COVID-19 vaccine development became one of the most urgent scientific priorities in modern history when the pandemic emerged, demanding unprecedented collaboration between pharmaceutical companies, public health organizations, and clinical research networks. The partnership between Merck and IAVI to develop an investigational vaccine against SARS-CoV-2 is a clear example of how that collaboration took shape during the earliest and most critical phase of the global response.
At FOMAT, vaccine development and infectious disease research have been central to our work since the early days of the pandemic. As a clinical research organization that conducted COVID-19 trials directly in the communities we serve, we understand firsthand how critical industry and public health partnerships are to accelerating the development of safe and effective treatments. Collaborations like the one between Merck and IAVI represent exactly the kind of innovation that brings new therapies to the patients who need them most.
What the Merck and IAVI COVID-19 vaccine development collaboration involved
Merck and IAVI announced a collaboration to develop an investigational vaccine against SARS-CoV-2 with the goal of preventing COVID-19. The vaccine candidate was designed to use the recombinant vesicular stomatitis virus technology, known as rVSV, which served as the basis for Merck’s Ervebo vaccine against Ebola Zaire virus. Ervebo was the first Ebola vaccine to receive approval for use in humans, establishing the rVSV platform as a proven foundation for tackling serious viral threats.
To support the collaboration, Merck signed an agreement with the Biomedical Advanced Research and Development Authority, known as BARDA, which is part of the US Department of Health and Human Services, to provide funding for the development program.
The science behind rVSV based COVID-19 vaccine development
The rVSV platform used in this collaboration has a meaningful track record. Its application in the Ervebo Ebola vaccine demonstrated that the technology could be deployed safely and effectively in humans under urgent conditions, including during active outbreak responses in sub-Saharan Africa. Applying this same platform to SARS-CoV-2 offered a credible and potentially accelerated pathway to a viable COVID-19 vaccine candidate.
The vaccine candidate evaluated in this collaboration was designed and engineered by IAVI scientists and was in preclinical development at the time of the announcement, with clinical study plans set for later that year. IAVI’s design and development laboratory in Brooklyn, New York served as the primary site for development work, which was part of a broader IAVI initiative to develop rVSV vaccines for multiple infectious diseases including HIV, Lassa fever, Marburg, and Ebola Sudan.
Under the terms of the collaboration, Merck took responsibility for leading regulatory filings globally, while both organizations committed to working together to develop the vaccine and ensure that, if approved, it would be made accessible and affordable to populations in need.
Why partnerships like this matter for infectious disease research
COVID-19 vaccine development at the speed required by the pandemic was only possible because of collaborative models that combined the scientific expertise of research institutions with the regulatory, manufacturing, and distribution capabilities of established pharmaceutical companies.

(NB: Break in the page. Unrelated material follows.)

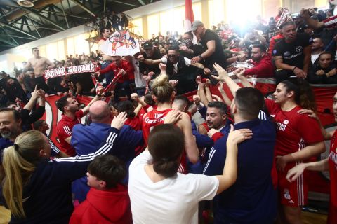 Ο Ολυμπιακός, μετά το 3-1 στους τελικούς της Α1 Γυναικών επί του Αθηναϊκού, πανηγυρίζει την κατάκτηση του τέταρτου συνεχόμενου πρωταθλήματος και ένατου, συνολικά, στην ιστορία του.

IAVI brought deep expertise in rVSV platform design and a mission focused specifically on developing vaccines for diseases that disproportionately affect low and middle income countries. Merck brought the scale, regulatory experience, and manufacturing infrastructure needed to move a candidate from preclinical development toward global deployment.

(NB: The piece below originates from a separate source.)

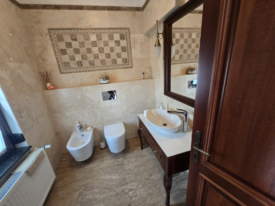 Centrală termică proprie, încălzirea este prin pardoseală în zonele acoperite cu travertin

According to the Mayo Clinic, COVID-19 vaccines work by training the immune system to recognize and respond to the virus, and the development of multiple vaccine platforms during the pandemic expanded the options available to address different population needs and supply constraints.
This kind of partnership model, where complementary strengths are combined rather than duplicated, is one of the defining features of how COVID-19 vaccine development succeeded at a pace that would have seemed impossible under traditional timelines.
FOMAT’s role in infectious disease and vaccine clinical research
FOMAT’s participation in COVID-19 clinical trials during the pandemic reflects the organization’s commitment to being a responsive and capable research partner when public health needs are most urgent. By conducting trials within established community based physician practices, FOMAT was able to recruit diverse patient populations quickly and maintain the trust relationships that are essential for effective enrollment in a crisis environment.
Infectious disease remains an active area of clinical research within FOMAT’s network. Our infectious disease and vaccine clinical trial capabilities support sponsors and CROs conducting studies in this therapeutic area, with access to a diverse national patient population and experienced investigators across multiple sites.
For sponsors evaluating research partners for vaccine and infectious disease programs, FOMAT’s patient recruitment excellence and Phase I through Phase IV clinical research capabilities provide the infrastructure needed to execute high quality studies efficiently and with the demographic diversity that regulatory agencies increasingly require.
COVID-19 vaccine development demonstrated what is possible when scientific collaboration, public health urgency, and well-executed clinical research align. The lessons learned from that experience continue to shape how FOMAT and its partners approach infectious disease research today.